CREATE AN ENCRYPTED ARCHIVE WITH UNARCHIVER ONE
Launch the Microsoft Store and search for “zip” and you’ll find dozens of programs that range from free to fairly expensive. If you’re a software developer, you’ll need the ability to create install archives and similar, but for this task, the free app Unarchiver One will do the job just fine.
Download and install it on your PC, then launch the program and choose “Compress” from the options on the left side of the main window:
The basic process is going to be to drag everything you want in the archive into this window, then click “Compress All”, at which time you’ll be prompted to enter a password if you want. Going step by step, I’ve dragged a bunch of image files into the archive:
Looks good. Six image files, all in PNG format. Now click on “Compress All” to actually create the compressed archive file, suitable for email, cloud storage, sharing with friends, etc. A window pops up:
Choose a name for the archive, specify its destination location, and you’re ready to proceed. You can leave “zip” as the archive format, it’s universally accepted by Mac, PC, and Linux systems. Now click on “Advanced >” just above the OK button to get to the advanced features. The window expands to add a few more options:
You can specify a more computationally demanding compression level to shrink your archive further, but what we’re interested in at this point is the “Encrypt with password“, which isn’t greyed out! Check that box and the window will immediately prompt you for the encryption password:
I’m using a pretty short password, as you can see, but longer is generally better from a security perspective.

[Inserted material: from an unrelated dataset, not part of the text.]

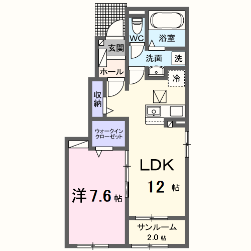 - LDK12帖、洋室7.6帖

Warning: If you forget this password, there’s no reliable way to ever circumvent this protection so you’ll be out of luck ever being able to access this data again. Be careful!
Click “OK” and you’ve just created a password protected, encrypted ZIP archive on your PC. Well done.
WORKING WITH AN ENCRYPTED ZIP ARCHIVE
Now that you’ve created an encrypted file archive, I’ll warn you that the experience can be a bit disconcerting: You can still open up the archive and see all the files listed within:
From a privacy perspective, it’s worth pointing out that the file names are not protected, though their contents is. Some people find it smart to rename files before adding them to the archive, or to have a generically named folder that all the files are stored within.
Notice above the column “Password protected” and the “Yes” for each and every image. Try to open one up to view the contents and Windows complains:
It also works on a Mac system if you copy over the archive file:
That’s it. You should be able to encrypt and password protect files and folders to your heart’s desire now. Good luck!